Nearly all the teachers qualified for merit pay in a Minnesota school district reports the Minneapolis Star-Tribune. Gov. Tim Pawlenty’s “Q Comp” program gives high-quality teachers up to $2,000 annually for meeting personal, classroom and school goals.

In the last round of evaluations in the 2006-07 year, 603 teachers “exceeded standards,” six “met standards” and not a single one fell below standards. Even considering their good reputation, is it really possible that not a single teacher is falling behind?

. . . Asked how the few teachers who don’t meet the highest standard must feel, state Sen. Chris Gerlach, R-Apple Valley, laughed.

“Those must be the ones under indictment or something,” he said. A merit-pay system that isn’t more selective, he said, is simply a pay increase.

Via Core Knowledge Blog.

5 Responses to “Merit pay for all”


  1. 1 BK Feb 13th, 2008 at 3:57 pm

    Is that in the Lake Wobegon school district where all the students are above average?

  2. 2 mike anderson Feb 13th, 2008 at 5:16 pm

    What did anyone expect? After all, Lake Wobegon IS in Minnesota.
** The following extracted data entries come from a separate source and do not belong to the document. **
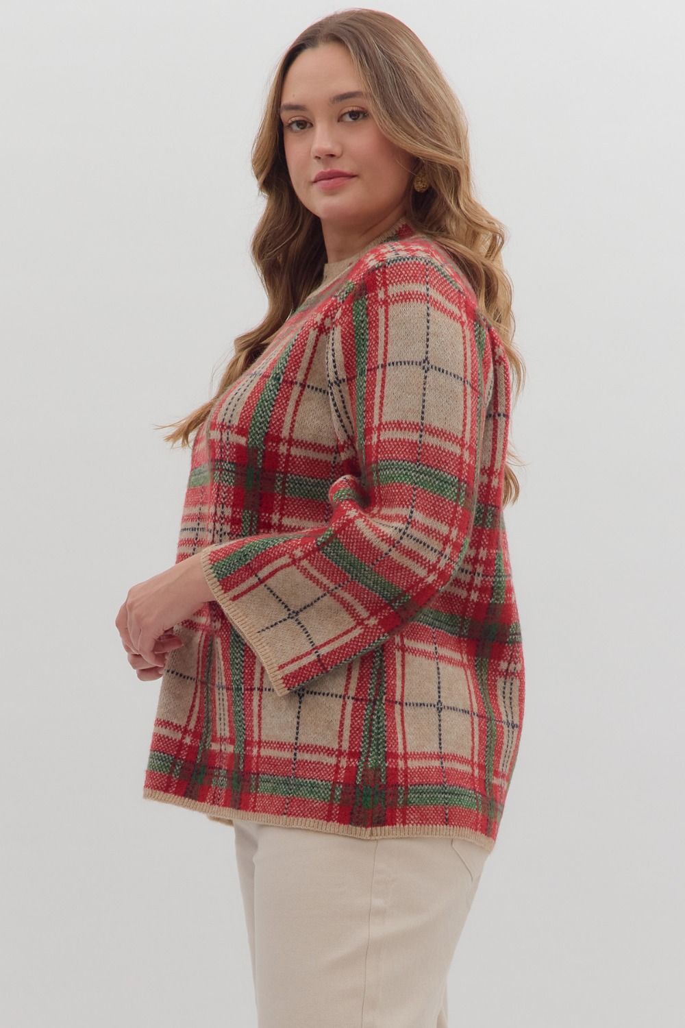 Plaid long sleeve mock neck sweater top featuring relaxed silhouette. Unlined. Knit. Non-sheer. Medium weight.
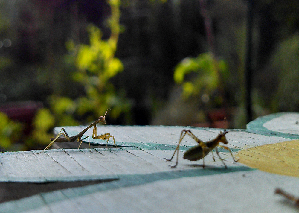 El Destructo I had no idea this little grasshopper-thing (edit: katydid) was so colorful until I took a closeup look at him. This doesn’t mean that I’m not annoyed by all the leaf chewing.
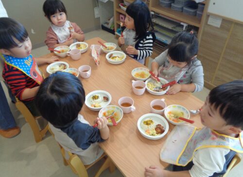 ・今日は10月生まれの誕生会!みんなでお祝いして美味しい給食をいただきました。
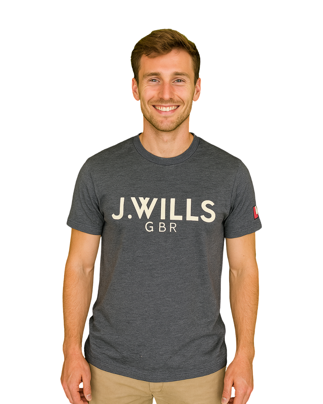 🇬🇧 Camiseta básica de estilo británico en gris oscuro jaspeado con estampado frontal blanco “J. WILLS GBR” y parche con la bandera Union Jack en la manga. Corte clásico (Classic Fit) y tacto suave, ideal para looks casuales o deportivos.
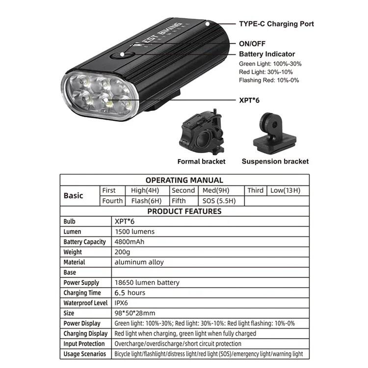 High Power Bike Handlebar Light 1500 Lumen, 5 Modes Waterproof
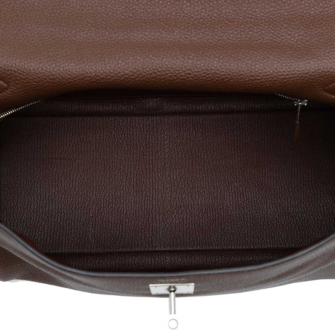 Crafted in 2013 (“Q” stamp), this Hermès Kelly 35 comes in rich Chocolat Togo leather — a structured yet supple option for everyday elegance. The Retourne silhouette adds softness, while palladium hardware gives a cool-toned edge. The bag arrives in very good pre-loved condition.
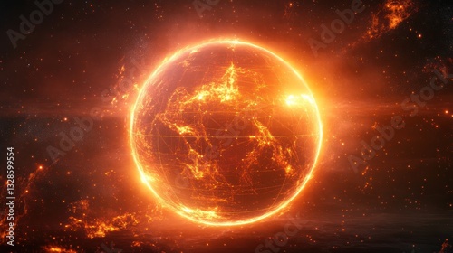 Fototapeta premium Fiery Global Network: A Digital Earth in Inferno
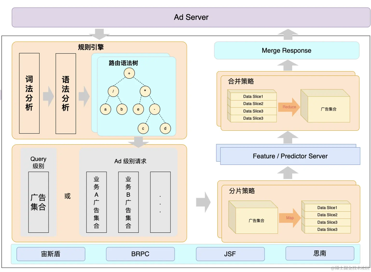 ◦流量路由:流量路由的核心是进行动态流量识别,根据配置动态构建语法树,将流量映射到语法树中,从而做到识别流量全路径,包括流量从哪里来、到哪里去。当有新的流量进入或着加入新的模型,可在语法树中添加或修改叶节点,实现动态路由。同时在分层实验中,使用语法树,也可实现流量分层,增加小流量试验的并发度,提升流量使用效率。
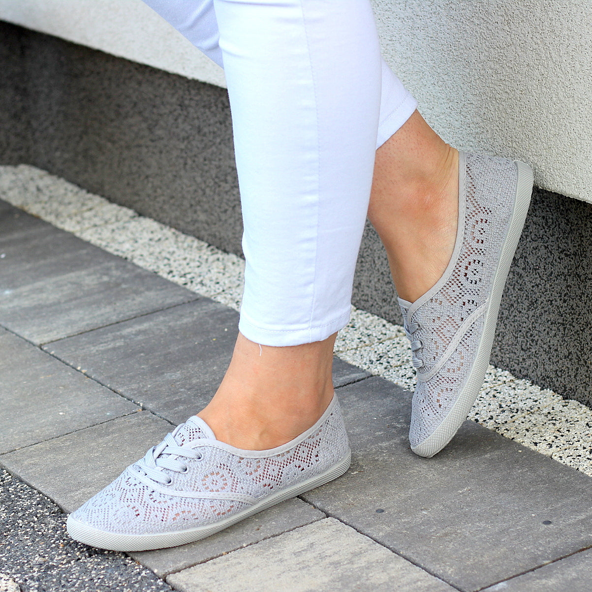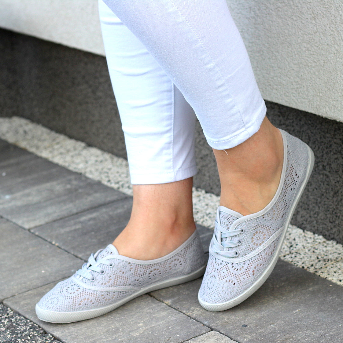 Szare mięciutkie tenisówki damskie wykonane z przewiewnej koronki
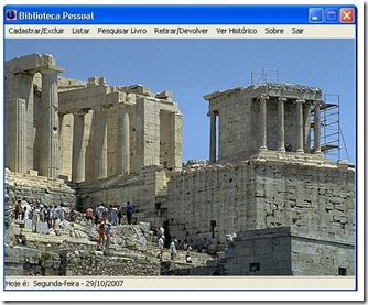 O software Biblioteca Pessoal permite o cadastramento do seu acervo por autor, gênero, editora e livro, possui também os recursos de pesquisa, criação de lista e gerenciamento de retiradas e devoluções, assim você não corre o risco de emprestrar aquele seu livro que você tanto adora para um amigo e nunca mais tê-lo de volta rsrsrsrsrs (eu já perdi alguns).
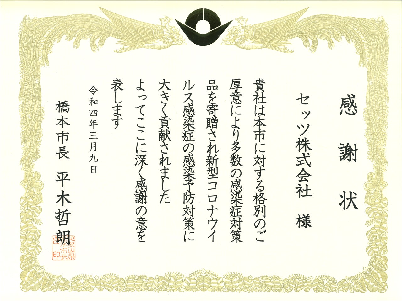 和歌山県橋本市と「災害時における衛生用品等の供給に関する協定」を締結〈セッツ株式会社〉
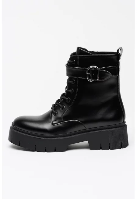 Боти Kris от еко кожа с масивен ток - Черен

  3. 3 Bill Leonard Feb 13th, 2008 at 6:56 pm

    Welcome to the marvelous world of teacher’s union contracts.

  4. 4 allen Feb 13th, 2008 at 8:04 pm

    > A merit-pay system that isn’t more selective, he said, is simply a pay increase.

    Paging Dr. Obvious!

  5. 5 Dr. Weevil Feb 13th, 2008 at 8:55 pm

    A few years back (10-15?) my parents did a houseswap with some people in small-town Canada (Ontario, I think), and the big news while they were there was that for years the teachers’ union had presented a proposed pay scale with 15 steps, whereby those on step 1 would be paid very little, and those on step 15 would be paid a great deal, and proportionally for those in between. For many years (20? 30?), the city authorities had been approving these salary schedules, until some citizen finally went to the trouble of dividing the total teachers’ salaries in the district budget by the total number of teachers. The number was way higher than anticipated, and they soon discovered that all of the teachers had been in steps 14 and 15 for years, without anyone else ever noticing.